От этих загадочных слов Харниш окончательно растерялся.

— Неужели вы не можете понять? — торопливо продолжала она. — Да мне в сто раз легче было бы стать женой Элама Харниша с Клондайка, еще давно, когда я впервые увидела его, чем теперь принять ваше предложение.

Он медленно покачал головой.

— Это выше моего разумения. Чем ближе вы узнаете человека и чем больше он вам нравится, тем меньше вы хотите выйти за него замуж. Не знаешь — мил, а узнаешь — постыл, так, что ли?

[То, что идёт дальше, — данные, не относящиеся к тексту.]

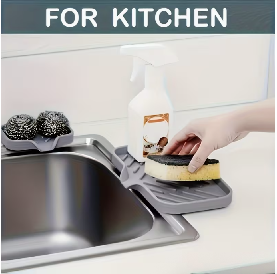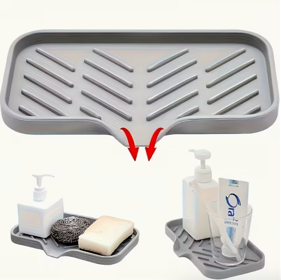 Keep your kitchen and bathroom neat, dry, and organized with this Silicone Kitchen Sink Tray with Drain Holes. Designed as a practical countertop cleaning mat, it provides a dedicated space for storing brushes, sponges, and soap while allowing water to drain quickly, helping prevent mess, mildew, and water stains.

— Нет, нет! — начала она с жаром, но стук в дверь не дал ей договорить.

— Десять минут кончились, — сказал Харниш.

Когда Дид вышла, его зоркие, как у индейца, глаза быстро обшарили комнату. Он еще сильнее почувствовал, как здесь тепло, уютно, красиво, хотя и не сумел бы объяснить, почему это так. Особенно его пленяла простота убранства — дорогая простота, решил он; вся обстановка, вероятно, осталась после отца, когда он разорился и умер. Он никогда бы не подумал, что голый пол и волчьи шкуры — это так красиво, ни один ковер не сравнится. Он мрачно посмотрел на шкаф, в котором стояли сотни две книг. Книги оставались для него неразрешимой загадкой. Как это можно писать такую уйму, о чем? Писать или читать о чем-нибудь — это совсем не то, что делать, а Харнишу, человеку действия, только действие и было понятно.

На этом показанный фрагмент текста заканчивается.